TASK DESCRIPTION: Exclude the pictures, then restate exactly each line of the data below from the first through the line containing "mysql -u root".

SOURCE DATA:
▬▬▬▬▬▬▬▬▬▬
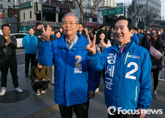 (서울=포커스뉴스) 20대 총선 공식선거 운동이 시작된 31일 오전 서울 동묘앞역 인근 거리에서 김종인(왼쪽) 더불어민주당 비대위 대표 겸 선대위원장과 정세균 서울 종로구 후보가 취재진을 향해 포즈를 취하고 있다.
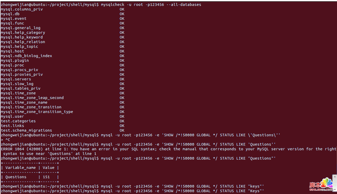 mysql -u root -p123456 -e 'SHOW /*!50000 GLOBAL */ STATUS LIKE "Questions"'
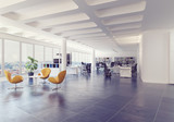 A spacious office space with a high ceiling and large windows allowing natural light to illuminate the room. The floor is covered with dark tiles, and there are several modern chairs and desks scattered throughout the space. A row of pendant lights hangs from the ceiling, providing additional lighting. The walls are white, and there are a few potted plants adding a touch of greenery to the room. | modern loft office interior. - 212456845 | c67a403b3f53f674cf155d10f136a216abc0447cd801f49e14ce22e933cfd8e4 | 001065750814 | 0 | 0 | 68 | 6 | 0 | 0 | |
▬▬▬▬▬▬▬▬▬▬
EXPECTED ANSWER:
 (서울=포커스뉴스) 20대 총선 공식선거 운동이 시작된 31일 오전 서울 동묘앞역 인근 거리에서 김종인(왼쪽) 더불어민주당 비대위 대표 겸 선대위원장과 정세균 서울 종로구 후보가 취재진을 향해 포즈를 취하고 있다.
 mysql -u root -p123456 -e 'SHOW /*!50000 GLOBAL */ STATUS LIKE "Questions"'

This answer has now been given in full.